The minute hand moves 12 times as fast as the hour hand, because the hour hand moves 1/12 of the area of the clock face while the minute hand moves the whole area of the clock face. At 4 o'clock, the hands are 120 degrees apart (one third of 360 degrees). The tips of the hands at this time are distance x apart where x is given by the cosine rule: x=sqrt(3^2+4^2-2*3*4cos120)=sqrt(25+12)=sqrt(37), because cos120=-1/2.
At time t minutes after 4, the angle between the tips of the hands decreases initially. For example, if t=15 minutes, the hour hand will move 1/4 the distance between 4 and 5, i.e., 30/4=7.5 degrees, while the minute will have moved 90 degrees. The angle between the hands becomes 120-90+7.5=37.5 degrees. For t minutes, then, the angle ("theta") changes to 120-360t/60+30t/60 degrees=120-6t+t/2=120-11t/2. (Theta can be found for any time t minutes after 4 o'clock from this formula. Also, t can be found when theta is zero, the hands being aligned: t=240/11.) So, x=sqrt(25-24cos(120-11t/2))=sqrt(25-24(cos120cos(11t/2)+sin120sin(11t/2)). If t is very small cos(11t/2) is close to 1 and sin(11t/2) is close to 11t/2.

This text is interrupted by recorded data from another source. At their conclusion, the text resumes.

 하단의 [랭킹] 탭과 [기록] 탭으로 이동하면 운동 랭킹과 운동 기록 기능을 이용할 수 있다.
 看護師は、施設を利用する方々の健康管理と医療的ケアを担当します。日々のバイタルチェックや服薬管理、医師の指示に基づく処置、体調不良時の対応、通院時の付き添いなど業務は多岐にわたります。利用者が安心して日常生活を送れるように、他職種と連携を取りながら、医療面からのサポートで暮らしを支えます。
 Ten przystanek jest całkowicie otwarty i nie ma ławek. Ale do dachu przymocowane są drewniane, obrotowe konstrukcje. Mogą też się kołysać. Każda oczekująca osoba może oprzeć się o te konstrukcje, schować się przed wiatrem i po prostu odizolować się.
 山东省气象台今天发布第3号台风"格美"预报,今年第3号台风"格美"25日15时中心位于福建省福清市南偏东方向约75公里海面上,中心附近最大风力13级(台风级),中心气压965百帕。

sqrt(120)=sqrt(3)/2; x=sqrt(25-24(-1/2+11tsqrt(3)/4))=sqrt(37-264tsqrt(3)/4)=sqrt(37-66tsqrt(3)).
The change in x is sqrt(37-66tsqrt(3))-sqrt(37)=sqrt(37)(sqrt(1-66tsqrt(3)/37)-1).

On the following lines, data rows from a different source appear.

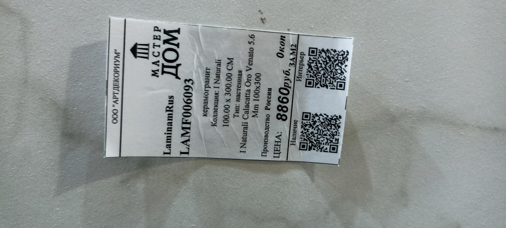 Страна производства — не Россия, но бренд Laminam известен своим качеством и надёжностью. Артикул LAMF006093a поможет вам легко найти нужный товар в магазинах.
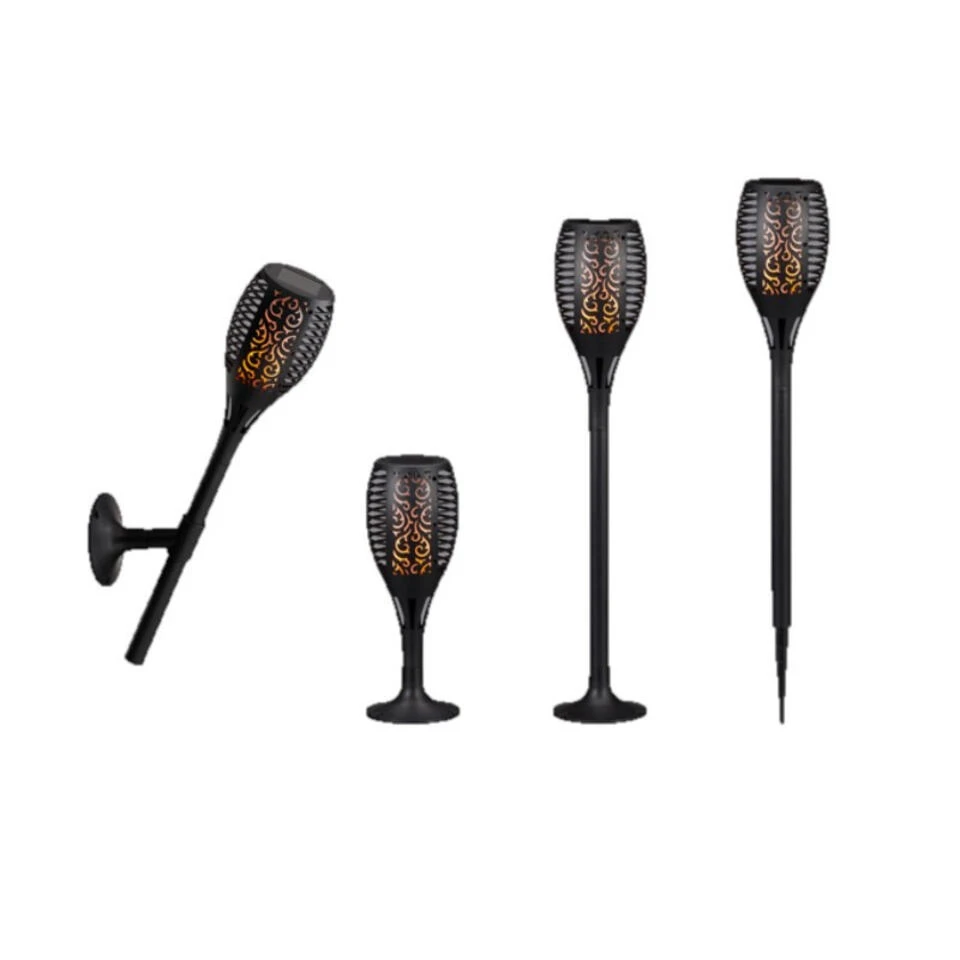 Solar tuinlamp/tuinfakkel met vlameffect Led verlichting voor de tuin. De lamp werkt op zonne-energie waardoor het zichzelf oplaadt gedurende de dag. Inclusief voet met twee standen, muurbevestiging en grondpin, zodat u ze bijvoorbeeld langs een looppad kunt zetten. Schakelaar: ja. Kleur licht: warm wit, vuureffect. Kleur lamp: zwart. Afmeting: 58 x 10 x 10 cm. Materiaal: kunststof. Inclusief batterijen. Tuinlampen/tuinverlichting/prikspots op zonne-energie.
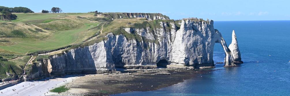 Cette balade à Étretat a l'avantage de vous faire découvrir les Falaises d'Amont et d'Aval et d'offrir d'incroyables vues sur celles-ci. Tout en s'éloignant un peu du point de vue phare des falaises, vous pourrez savourer cette balade, un peu comme si vous étiez seul au monde.
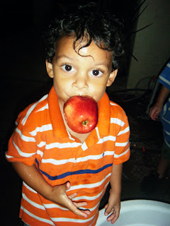 and here he is ‘pretending”, umm I mean showing us how he got an apple. Christopher!! shame, shame : ) Does anyone know of a cheaters anonymous?
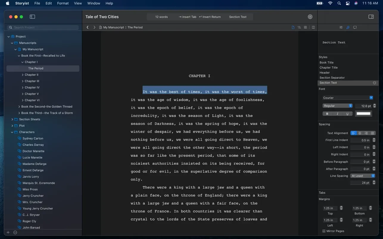 Storyist 强大的文字处理器使您能够添加页眉、页脚并使用不同的样式表。请注意,Storyist 还具有拼写检查引擎、单词计数器工具和智能报价处理工具,它们将提高您的生产力水平。
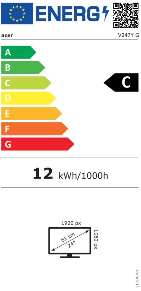 Монитор Acer Vero V247YGbi, 23.8'' FHD (1920x1080) IPS, ZeroFrame, 120Hz, 4ms (GTG), 100M:1, 250nits, HDMI, VGA, AdaptiveSync, VisionCare 2.0, Vesa, Tilt, TUV LBL Certificate, Energy Class C, Black, 3Y
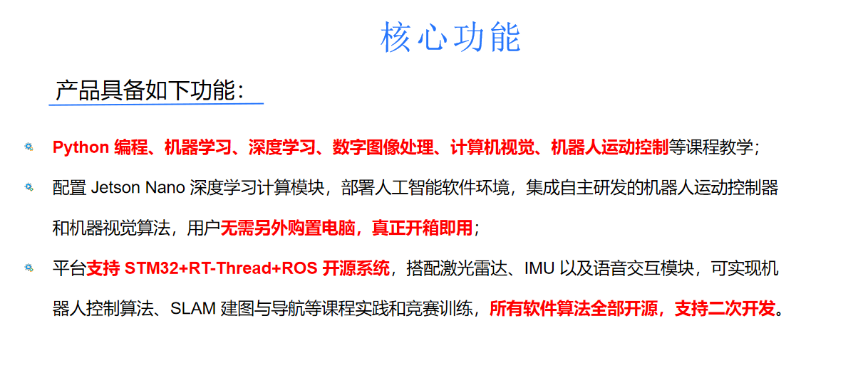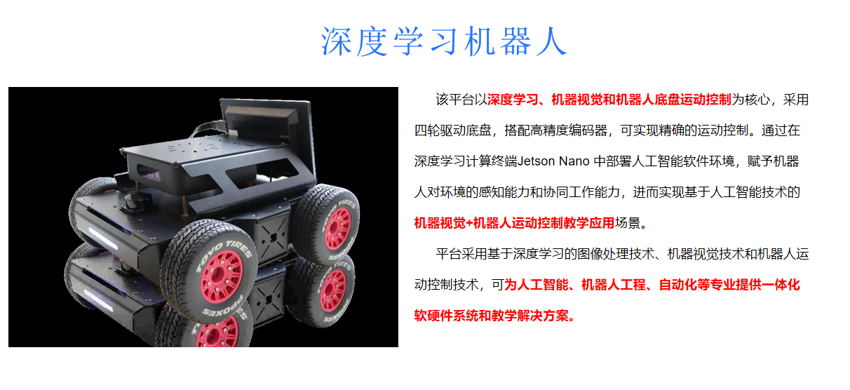 ​适用专业: 人工智能、机器人工程、自动化、电子、信息科学、机电等专业。 适用课程: Python 编程、机器学习、深度学习、数字图像处理、计算机视觉、机器人控制。

We can use the Binomial Theorem to evaluate sqrt(1-66tsqrt(3)/37)=(1-66tsqrt(3)/37)^(1/2). When t is very small we can ignore t^2 terms and higher powers of t, so we get 1-33tsqrt(3)/37 as an approximation. The change in x becomes sqrt(37)(1-33tsqrt(3)/37-1)=-33tsqrt(3/37). The instantaneous rate of change of x at 4 o'clock is found by dividing this expression by t=-33sqrt(3/37)=-9.3967"/minute=-0.1566"/sec. The minus sign indicates that the hands are closing at the rate of 0.1566 inches per second.

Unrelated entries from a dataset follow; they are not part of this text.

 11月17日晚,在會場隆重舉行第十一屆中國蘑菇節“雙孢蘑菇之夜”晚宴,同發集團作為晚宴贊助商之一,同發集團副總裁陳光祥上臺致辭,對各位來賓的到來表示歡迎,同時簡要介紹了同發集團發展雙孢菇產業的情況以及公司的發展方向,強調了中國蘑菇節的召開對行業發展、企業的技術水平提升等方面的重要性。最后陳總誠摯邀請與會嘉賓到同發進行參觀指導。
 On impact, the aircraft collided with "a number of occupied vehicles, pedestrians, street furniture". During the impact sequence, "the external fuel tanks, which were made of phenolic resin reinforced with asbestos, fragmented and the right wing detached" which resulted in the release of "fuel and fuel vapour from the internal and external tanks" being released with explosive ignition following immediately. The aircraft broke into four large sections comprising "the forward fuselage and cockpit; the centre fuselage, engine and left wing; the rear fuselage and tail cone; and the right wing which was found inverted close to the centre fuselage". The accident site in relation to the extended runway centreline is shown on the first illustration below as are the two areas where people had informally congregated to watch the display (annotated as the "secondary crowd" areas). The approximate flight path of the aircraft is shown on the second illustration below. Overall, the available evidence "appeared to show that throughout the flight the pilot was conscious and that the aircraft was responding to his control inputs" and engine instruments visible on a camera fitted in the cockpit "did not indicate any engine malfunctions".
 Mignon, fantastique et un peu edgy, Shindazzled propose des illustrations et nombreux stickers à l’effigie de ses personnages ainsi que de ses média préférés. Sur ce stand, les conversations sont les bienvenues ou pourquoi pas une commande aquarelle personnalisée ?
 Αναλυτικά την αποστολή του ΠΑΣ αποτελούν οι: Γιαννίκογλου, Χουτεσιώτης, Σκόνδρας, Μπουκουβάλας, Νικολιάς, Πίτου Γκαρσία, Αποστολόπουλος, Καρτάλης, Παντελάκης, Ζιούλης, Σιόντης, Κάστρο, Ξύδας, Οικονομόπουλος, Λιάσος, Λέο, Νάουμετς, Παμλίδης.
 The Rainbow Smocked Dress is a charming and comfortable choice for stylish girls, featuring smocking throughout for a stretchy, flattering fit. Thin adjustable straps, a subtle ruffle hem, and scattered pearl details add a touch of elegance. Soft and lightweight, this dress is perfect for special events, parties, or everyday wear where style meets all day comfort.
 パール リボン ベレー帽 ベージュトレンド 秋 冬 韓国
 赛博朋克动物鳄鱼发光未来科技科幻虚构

The solution can also be found applying formal calculus, where dx (the change in x) is related to the angle change (dø) and the angular rate of change dø/dt can be related to the rate of change of x, dx/dt. This involves differentiating the cosine expression. Because a time of 4 o'clock has been specified, the solution has been calculated from first principles, thus avoiding calculus.